На лице Аркадия что-то дрогнуло. Та самая, едва уловимая трещина в его ледяном спокойствии.
– Это... верное наблюдение, – произнес он, и его голос на мгновение потерял металлическую примесь, став почти обычным. – Именно поэтому я здесь. Я – Куратор. Я ближе всех к тому, чтобы... почувствовать. Но стекло аквариума не пробить.
Он подошел ближе и сел в свое кресло, смотря на Егора с новым, нечитаемым выражением.
– Мы утратили нечто большее, чем просто способность чувствовать одиночество. Мы утратили саму возможность настоящего выбора. Наши решения взвешиваются логикой Коллектива, просчитываются на тысячу шагов вперед. Здесь нет места иррациональному поступку. Желанию, которое идет вразрез с целесообразностью. Ты... ты иррационален. Ты – аномалия.
Он замолчал, и в тишине зала был слышен лишь отдаленный гул города.
– Твой выбор, каким бы он ни был, станет финальной точкой наших наблюдений. Но это будет твой выбор. Не просчитанный алгоритмом. Не одобренный Коллективом. Твой. И в этом его уникальная ценность.
Егор смотрел в пол, на идеально отполированную поверхность, в которой смутно отражалось его собственное, изможденное лицо. Кто он там, в этом отражении? Егор? Безымянный субъект? Или кто-то третий, чье имя хранится где-то в заблокированных глубинах его памяти?
Он думал о скелете в верхнем зале.
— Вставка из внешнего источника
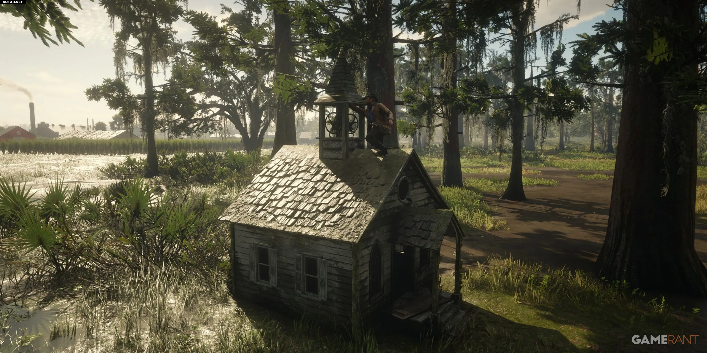 Играм не нужны городские просторы, чтобы привлечь внимание, и Red Dead Redemption 2 тому доказательство — она потрясающа и без мегаполисов. Дикая природа Дикого Запада предлагает захватывающие виды на озёра, реки и горы, которым мало какие игры могут соответствовать. Однако среди лесов скрываются и загадочные места, особенно в рамках квеста на поиск сокровищ «Достопримечательности богатства».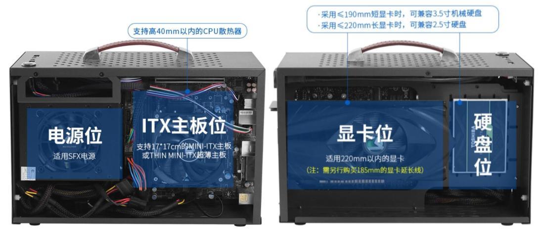 1、itx手提式小機(jī)箱的體型帶來了相應(yīng)的空間組裝電源線、主板芯片顯卡、硬盤等硬件配置,同時(shí)通過機(jī)箱內(nèi)的托架將各種硬件配置固定機(jī)箱內(nèi),構(gòu)成一個(gè)相對獨(dú)立的體系結(jié)構(gòu)。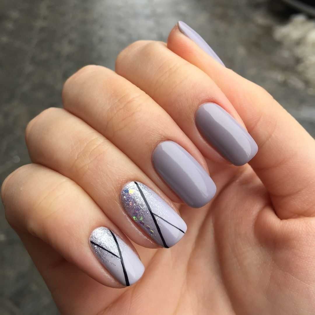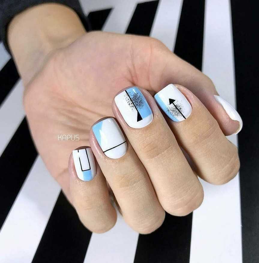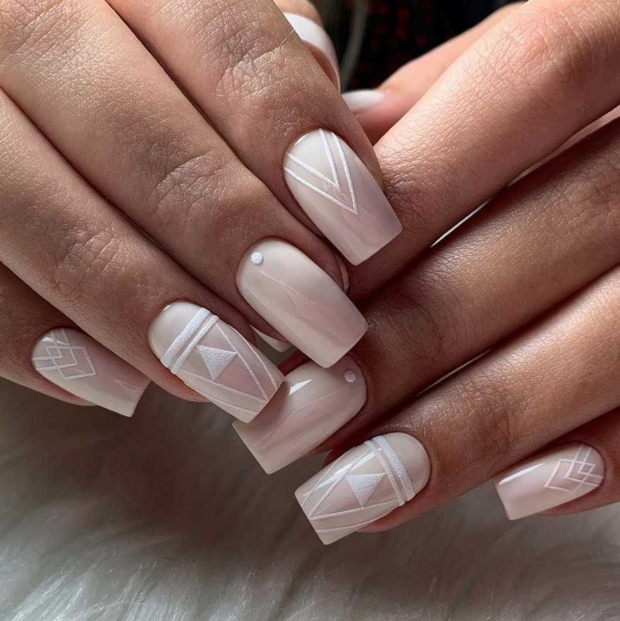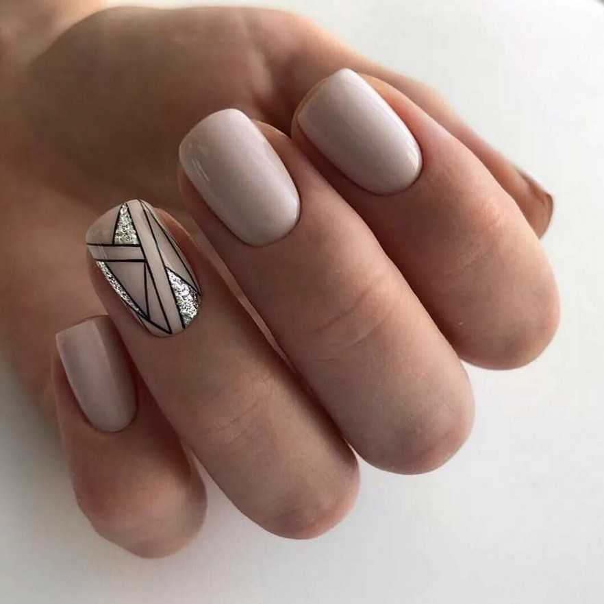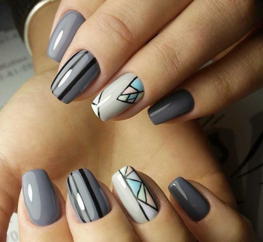 Отличный вариант для абстракции. Такой маникюр создаёт стиль. Для геометрии берут светлые оттенки — белый, серебристый, серый или беж.
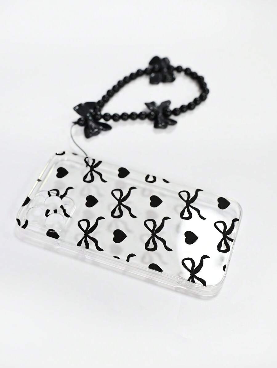 Kawaii Stylishly Sweet Spicy Black Heart Bow Pendant Silicone Protective Case With Black Border, Compatible With IPhone 12/13/14 Series

О том человеке, который держал в руках блокнот и умер в одиночестве, прислонившись к стене. Он был таким же «субъектом»? Его эксперимент тоже подошел к концу? И что он выбрал?
Мысль о возвращении была невыносима. Жить, зная, что ты – экспонат... это было похлеще любой пытки. Мысль о растворении в Коллективе была иной формой смерти. Смерти личности. Смерти его боли, его тоски – всего, что составляло суть его существа в эти долгие годы.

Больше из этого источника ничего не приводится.